What am I doing wrong, and can I correct it before it gets any worse? I don't think my fingernails will remove the tartar, but could maybe scrape it with some type of tool--but I sure don't want to hurt him.

Suggestions?

Thanks!
Sheri


----------



## marjrc (Jan 13, 2007)

Hi Sheri,

We all seem to have the same questions as we would prefer not to have our Havs put under for a brush cleaning.

Check out these threads and maybe they will help..... 

http://havaneseforum.com/showthread.php?t=2312&highlight=breath

http://havaneseforum.com/showthread.php?t=5846&highlight=breath

http://havaneseforum.com/showthread.php?t=1795&highlight=breath

http://havaneseforum.com/showthread.php?t=215&highlight=breath

I haven't brushed my dogs' teeth and I KNOW that's bad. I do use Petz Oral Gel which is mentioned in some of these threads. The best toothbrush in the world, though, is a raw meaty bone on a regular basis. For info on THAT, you'll want to check out the "Alternative Diet, etc..." forum here. :biggrin1:


----------



## marjrc (Jan 13, 2007)

I just have to say how much Tucker is gorgeous! He has a beautiful face and coat. Care to share him sometime? :suspicious: :biggrin1:


----------



## Beamer (Jan 29, 2007)

Hi Sheri, Well you could do:

Throw the dog a bone! Literally! Chewing on Raw meaty bones will take care of the tarter problem.

Start feeding a diet of raw food only! There are no carbs in raw, which cause all your teeth problems.

You can add this to your dogs drinking water to help with tarter/stank breath etc.. There are many brands out there...
http://www.petsmart.com/product/index.jsp?productId=2752815

Also, alot of people here use this...
http://www.petsmart.com/product/index.jsp?productId=3159399

Ryan


----------



## Sheri (Oct 11, 2008)

Marj, thanks for the comments on Tucker, and he'd LOVE to play! And I'm about to check out the sites you listed.

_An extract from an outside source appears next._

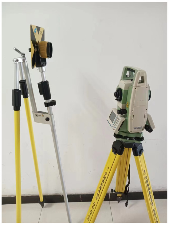 In this study, ICM-20948 produced by American Invensen Company (San Jose, CA, USA) was utilized as the measurement unit. It contained a 3-axis accelerometer, 3-axis gyroscope, and 3-axis magnetometer. The sampling frequency of the sensors was selected as 100 Hz. Figure 5a shows a hardware circuit in which STM32F411 is used as the main control unit. The distribution of sensors is shown in Figure 5b. Time synchronization between sensors was realized by a controller area network bus. Additionally, to obtain the curve graph of the planned trajectory, a total station was utilized. Figure 6 shows the total station.

And, both you and Ryan mentioned the raw, meaty bones would help. I wondered if that might be real helpful because I'd already read something about that in the earlier posts. But, the NV ones are 45 minutes away, and I've not been able to get there yet. Since you all think it might really be effective, I'll make a trip over next week to get some.

Mapquest, here I come!

Thanks!

Sheri


----------



## Sheri (Oct 11, 2008)

Oh, and Ryan, I've copied the info on the liquid to use. When I go over I'll check out Petsmart, too. Do you use them? I'm a little leery about using chemicals...

Sheri


----------



## Beamer (Jan 29, 2007)

Hi Sheri,

Yes, I use one of those liquids in Beamers water. Although his teeth and breath are great, I just like him to drink it since his breath can get a bit 'meaty' after his raw food, or 'fishy' after giving salmon oil. So drinking this right after his meals makes his breath NICE! 

Ryan


----------



## Sheri (Oct 11, 2008)

Kubrick's Mom, Lina:
"I just started using the Oxyfresh Pet Oral Hygiene solution and Kubrick really likes it! Then again, I just got him a water fountain so maybe that's what he enjoys about it. Nevertheless, he drinks it more than he drinks water regularly and his breath is a little better... I guess I will be able to tell if it really worked in a couple of days and I will let you all know."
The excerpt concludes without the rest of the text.